MARC T. TREADWELL, District Judge.
The Defendants have moved to dismiss the Plaintiff's amended complaint (Doc. 6), or alternatively, have moved for a more definite statement. (Doc. 4). For the reasons stated below, the motion is
Plaintiff Mohammad Abbasi created a "lottery ticket tracking tool," software called the Lottery Tracking System ("LTS"), for use in convenience stores, gas stations, and other locations where tickets are sold. (Doc. 6, ¶ 10). The Plaintiff owns the LTS and registered the software with the U.S. Copyright Office on August 10, 2010. (Doc. 6, ¶¶ 11-12). He has been marketing the software since February 2010 and licenses it to "numerous customers owning stores selling lottery tickets." (Doc. 6, ¶ 13). These customers "must agree to the terms of the End-User Licensing Agreement (the `EULA')" before they are allowed to install the software. (Doc. 6, ¶ 16). The EULA informs the customer the software is copyrighted and "contains an agreement that the customer will not `reverse engineer, decompile, or disassemble the software product.'" (Doc. 6, ¶ 17).

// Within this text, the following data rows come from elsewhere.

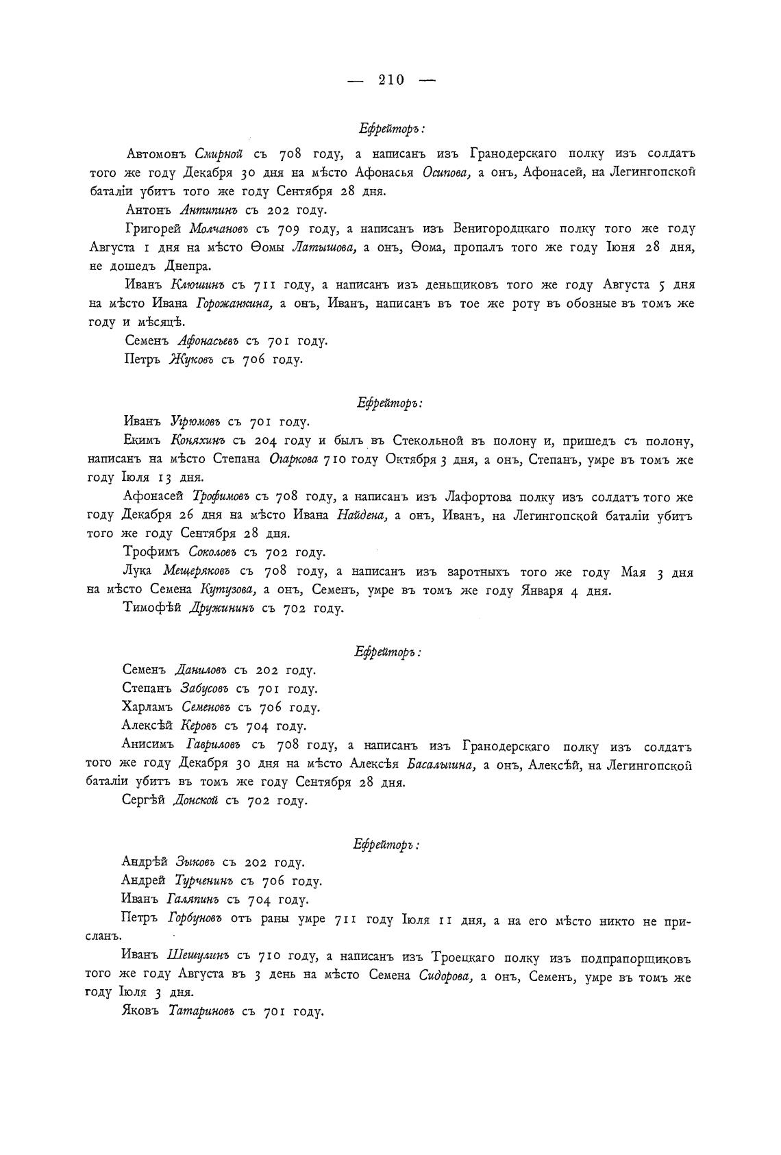 Анисимъ Гавриловъ съ 708 году, а написань изъ Гранодерскаго полку изъ солдать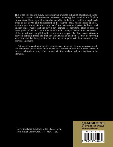 These nine essays consider for the first time the day-to-day performing practice of English composers of choral music of the period 1440 1650.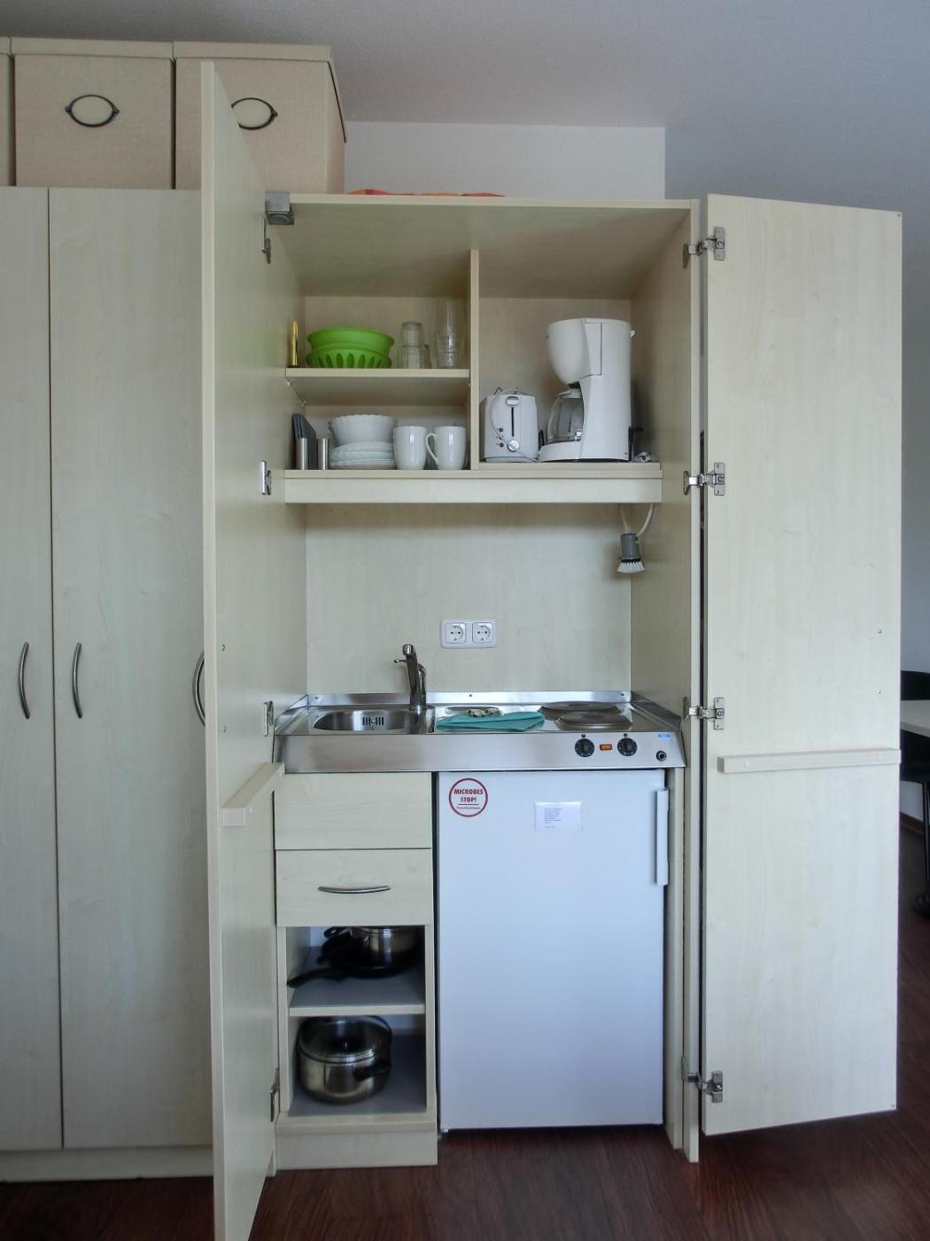The apartment comes with a TV and a living room. The kitchen is equipped with a toaster, a fridge and a stovetop, as well as coffee machine and kettle.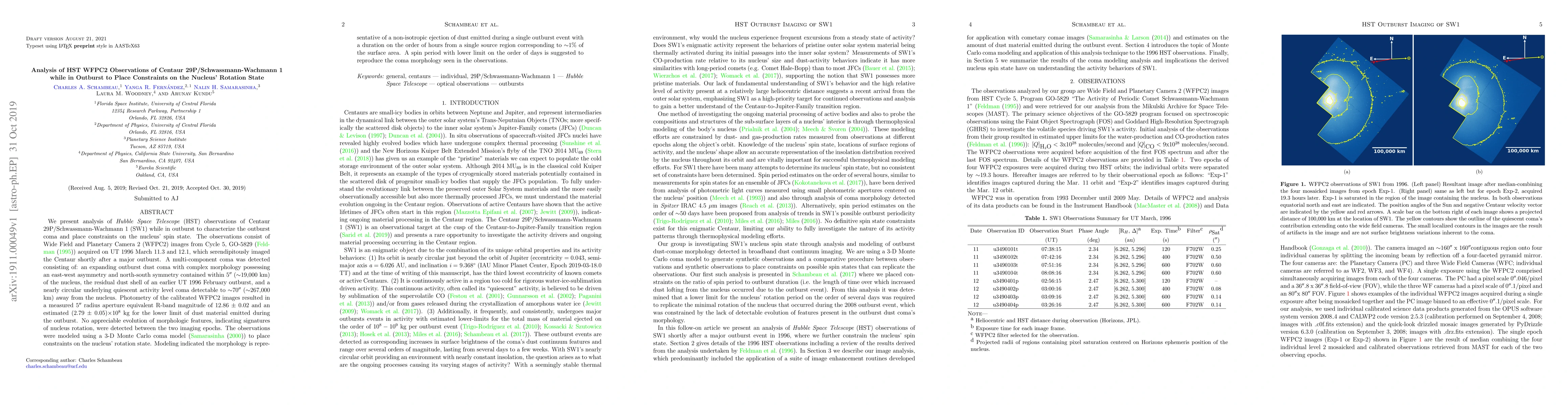 This study analyzes HST WFPC2 observations of Centaur 29P/Schwassmann-Wachmann 1 during an outburst, revealing a complex multi-component coma and constraining the nucleus' rotation state. No significant rotation signatures were detected, suggesting a spin period of at least several days.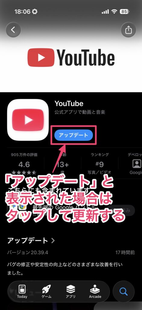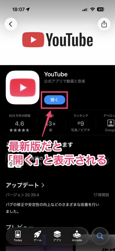 AppStoreで該当アプリを開き、最新版に更新されている確認してください。最新版でない場合は、「アップデート」と表示されているはずなので、ここをタップすれば最新版に更新できます。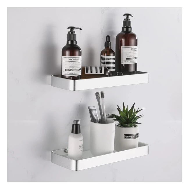 Mensola Doccia Bagno Montaggio a Muro Alluminio Vetro Smerigliato 2 Pezzi Argento

In December 2012, the Plaintiff licensed the LTS software to "Sunny Milledgeville," the owner of a Stop N Save convenience store at 844 Montgomery St. in Milledgeville. (Doc. 6, ¶ 18). Sunny received 138 minutes of phone service between December 5, 2012 and January 5, 2013 to explain the LTS software and system. (Doc. 6, ¶ 19). On December 21, 2012, the Plaintiff was notified of an improper login attempt into the Google email account he used for the LTS from an IP address in Milledgeville. (Doc. 6, ¶ 20). The Plaintiff then learned that Defendant RealTime had begun selling an application, "substantively identical" to the LTS, which also tracked lottery ticket sales. (Doc. 6, ¶ 21). Defendant "RealTime's web page show[s] images that have been copied directly from Plaintiff's copyrighted software." (Doc. 6, ¶ 21). Defendant Bhalodwala owns Defendant RealTime, and the contact information on RealTime's website is the address of the Stop N Save store in Milledgeville and Sunny Milledgeville's email address and phone number. (Doc. 6, ¶¶ 22-23). This is also the phone number through which the Plaintiff provided telephone service for his software. (Doc. 6, ¶ 23). In other words, Sunny Milledgeville is Defendant Bhalodwala or an agent acting on his behalf. (Doc. 6, ¶ 24).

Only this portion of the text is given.